We can build our own knowledge of police investigation techniques,
leading to challenges to the core prosecution evidence in the cases we’re supporting

Disclosure is more of a problem, because what’s hidden is hidden – we don’t know that it even exists.  But we can at least find out what records probably do exist.  

We have to learn what records the police generate in the course of an investigation and what those records are likely to contain.

For example, in the case of Susan May I mentioned earlier, I discovered that the police had interviewed Susan as a witness when they in fact regarded her as a suspect, from the policy file – a record of the progress of the whole investigation – a document always produced in major investigations but rarely disclosed.  In Susan’s case, the policy file was not disclosed until after her trial. 

Just one example of the vast numbers of undisclosed records.

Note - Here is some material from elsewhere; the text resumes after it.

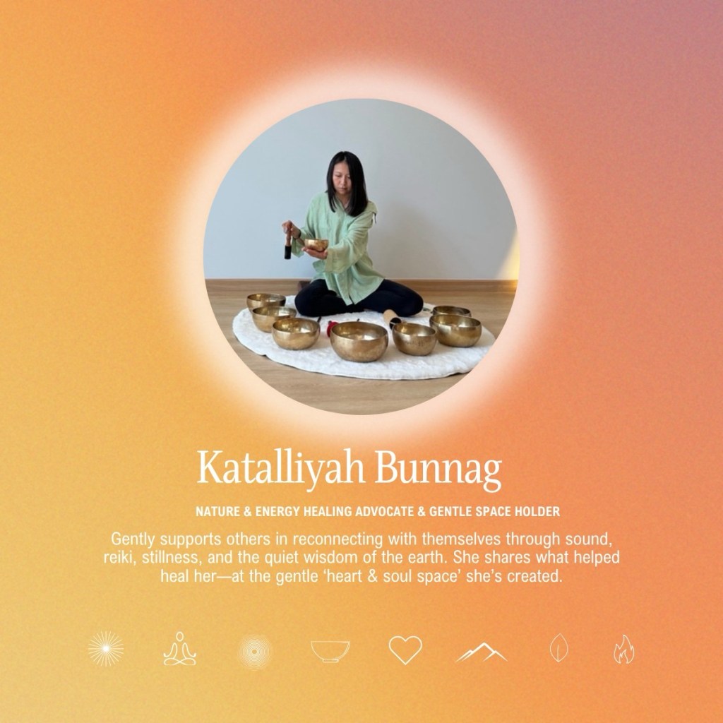 For Kat, her story began from a place of deep love, loss, and courage. After years of learning to manage anxiety and navigating the painful experience of losing her husband, she found healing through sound, energy work, and connection with nature. She discovered that healing is not linear — it’s a cycle of remembering, grounding, and awakening again.

If we learn what is available, then we can use this knowledge when we demand that appeal lawyers and the CCRC do the thorough investigations that should turn up the fresh evidence we need for successful appeals.

So how do we build up the skills and knowledge we need to analyse witness statements and discover what’s being hidden from us?

Well, we probably have all the skills and knowledge amongst us already, simply because we’ve learnt them in order to help our friends in prison, but we’ve learnt them in isolation, finding it out for ourselves.

That’s how the criminal justice system likes it – us outsiders working separately and, too often, ineffectively.

It’s time we changed that.

What we need to do is to get together and share our skills and knowledge. 

And our knowledge covers a whole range of other matters that are important to us – other aspects of investigations, supporting cases, getting publicity, raising finance

We need a skills register – a list of people prepared to share what they know with others

and we need to run skill sharing workshops

Anyone interested in sharing knowledge and skills they’ve built up
and anyone interested in attending workshops (we could hold them anywhere in the country) should leave a message for me at the Innocent table, or contact me via our website

I will see what your response is, and then I’ll prepare proposals for the next business meeting of United Against Injustice.

And if your aim is to change the law and police procedure, then this work will support that aim.

We have to assemble evidence of our own which we can then use when we demand change.  Winning cases, exposing how people are fitted up, are the first steps on the road to ending miscarriage of justice.